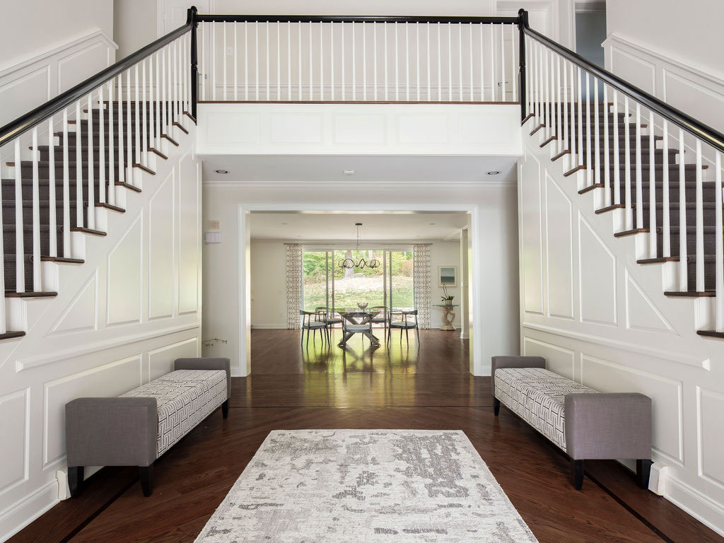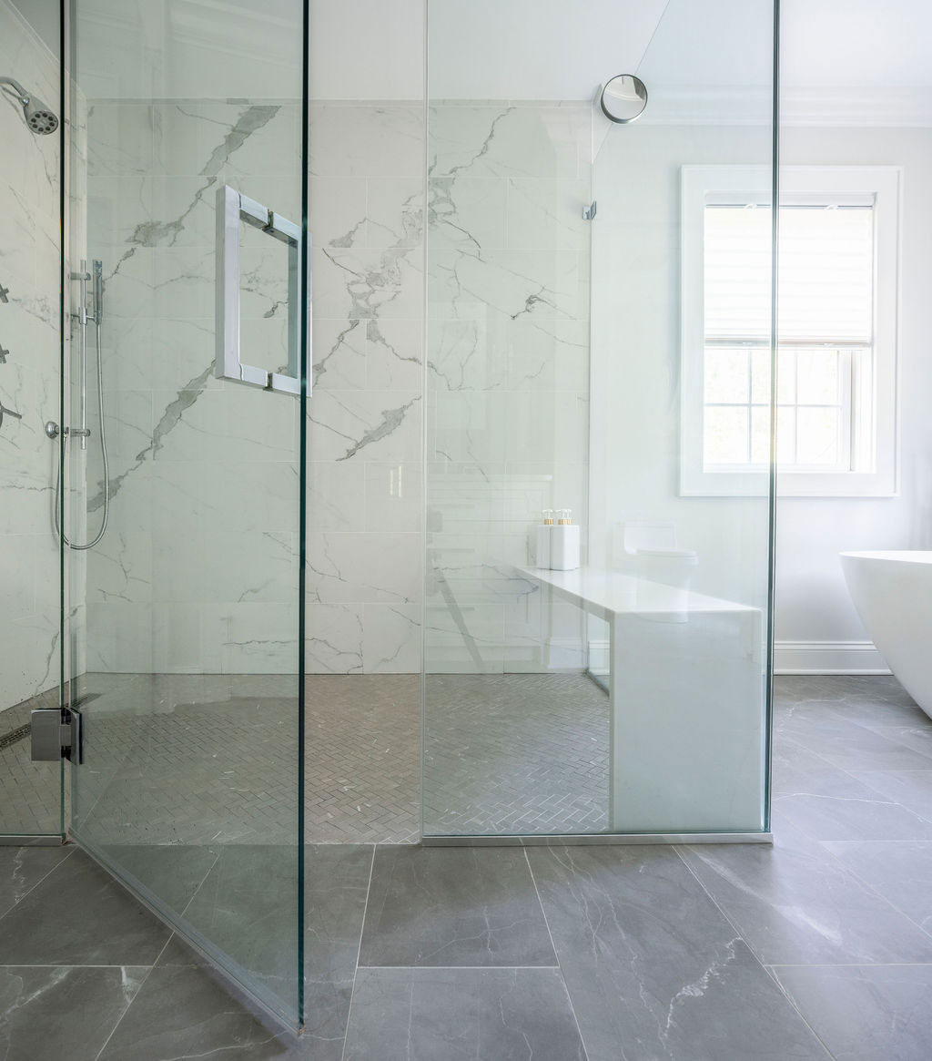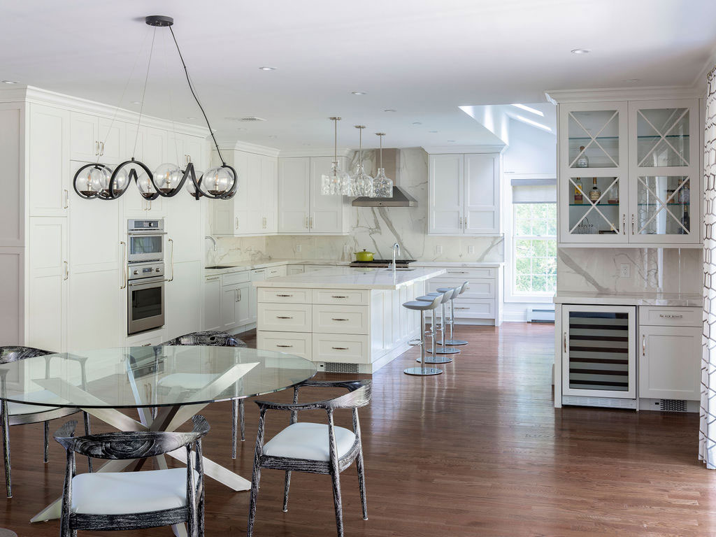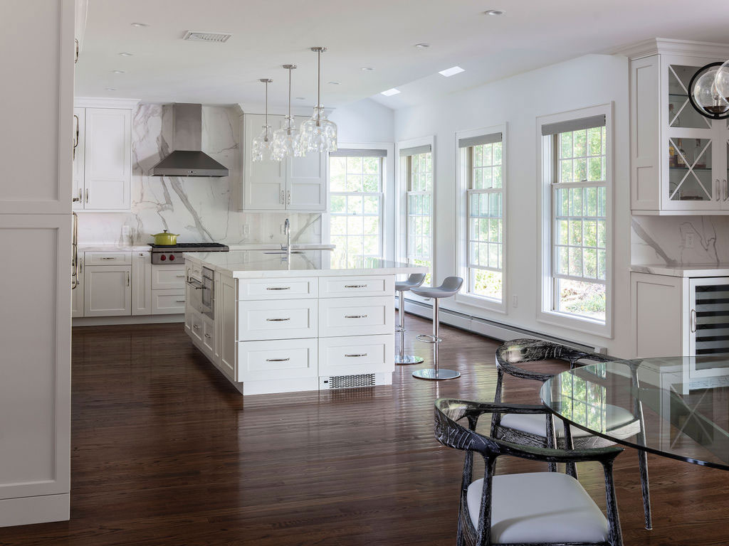 There were a few rooms in this house that needed an update so we expanded out the back of the house and created a new opening from the entry to enjoy the new expansion right when you walk in. The kitchen and island were designed for conversations, gatherings as well as serious cooking there is even a pop-up mixing stand. The Kitchen opens up directly onto the Dining area and the Family Room creating a family and friend space for all to enjoy. Also on the first floor are the updated Bathroom and Mudroom. The Master Bathroom was completely stripped down and re-designed to include a curb-less shower with bench, separate water closet, free standing soaking tub, a double vanity along with heated floors.
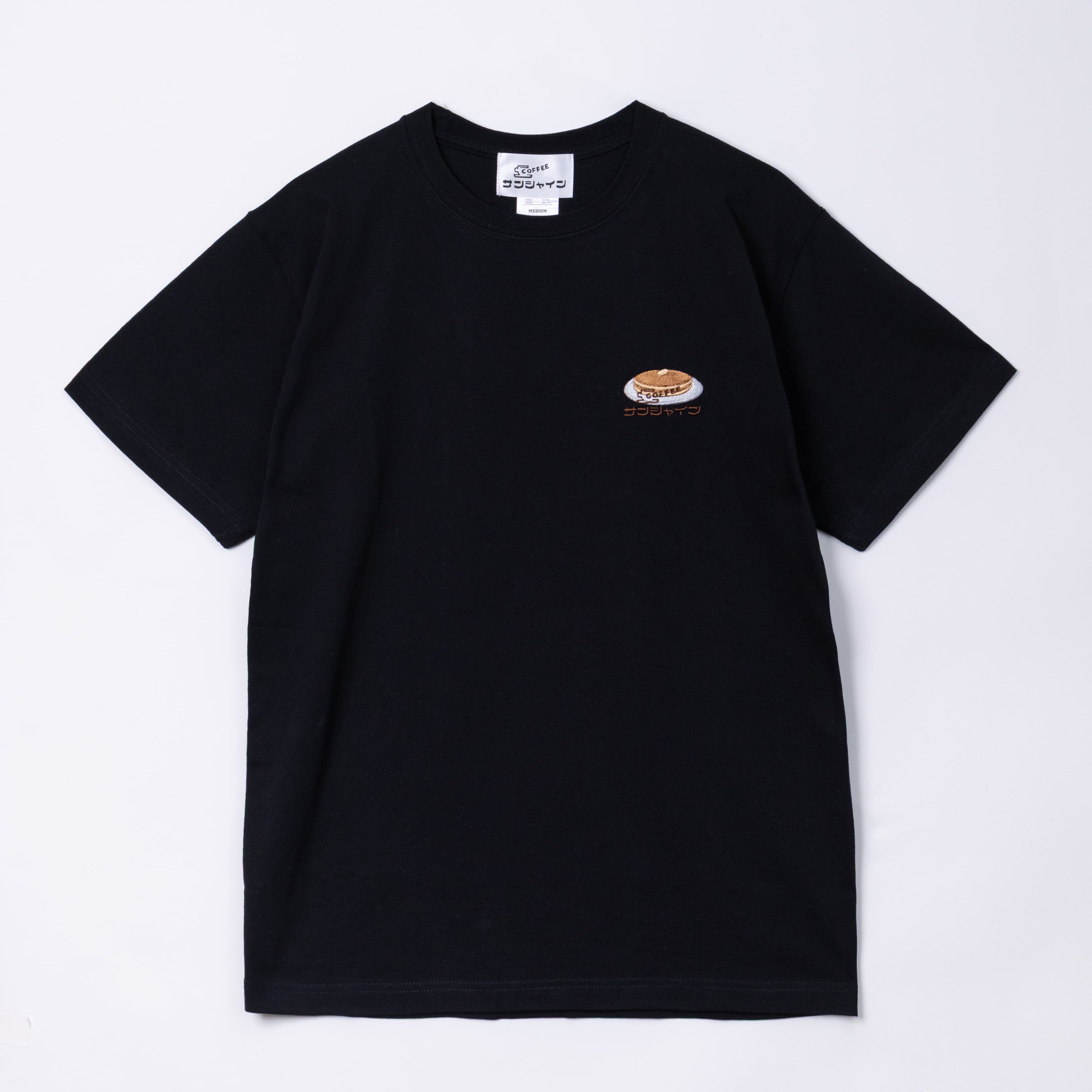 喫茶サンシャインの看板メニュー 「ホットケーキ」 を、胸元に小さく上品な刺繍であしらったオリジナルTシャツです。
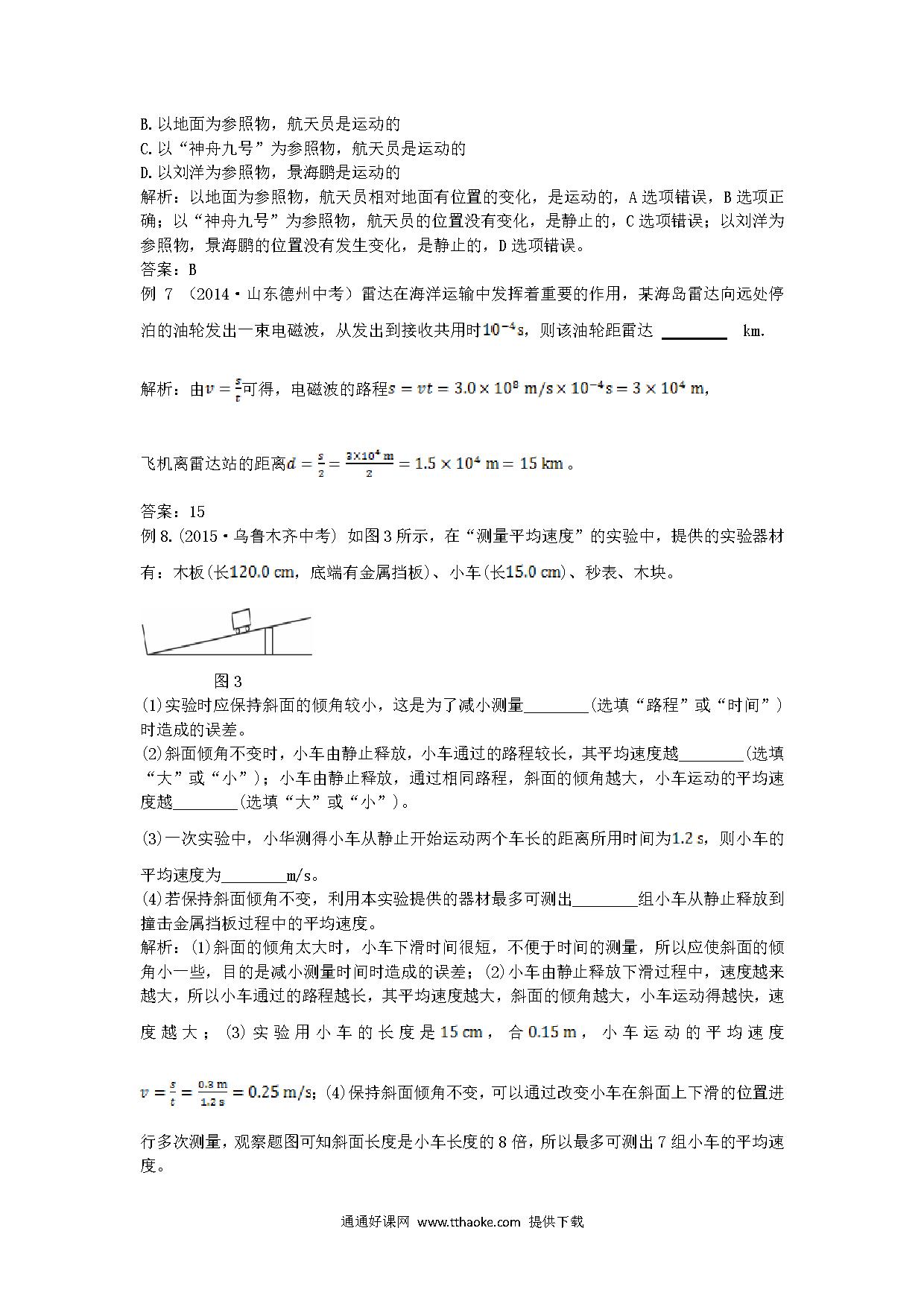 全解2015年八年级物理上册第一章机械运动中考典型题附解析
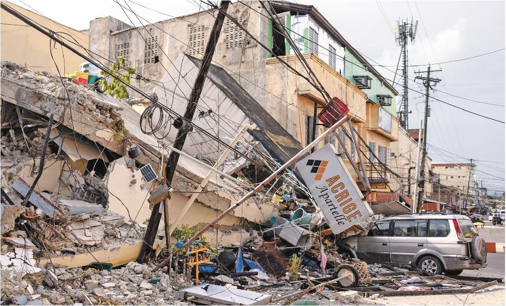 10月2日,在菲律宾宿务省博戈市拍摄的因地震受损的建筑和汽车。(□新华社发)

++++++++++++++++++++

■ INSTRUCTIONS FOR THE TASK: Please retype the whole listing above word for word and drop the pictures.

■ ANSWER TO THE PROBLEM:
 There were a few rooms in this house that needed an update so we expanded out the back of the house and created a new opening from the entry to enjoy the new expansion right when you walk in. The kitchen and island were designed for conversations, gatherings as well as serious cooking there is even a pop-up mixing stand. The Kitchen opens up directly onto the Dining area and the Family Room creating a family and friend space for all to enjoy. Also on the first floor are the updated Bathroom and Mudroom. The Master Bathroom was completely stripped down and re-designed to include a curb-less shower with bench, separate water closet, free standing soaking tub, a double vanity along with heated floors.
 喫茶サンシャインの看板メニュー 「ホットケーキ」 を、胸元に小さく上品な刺繍であしらったオリジナルTシャツです。
 全解2015年八年级物理上册第一章机械运动中考典型题附解析
 10月2日,在菲律宾宿务省博戈市拍摄的因地震受损的建筑和汽车。(□新华社发)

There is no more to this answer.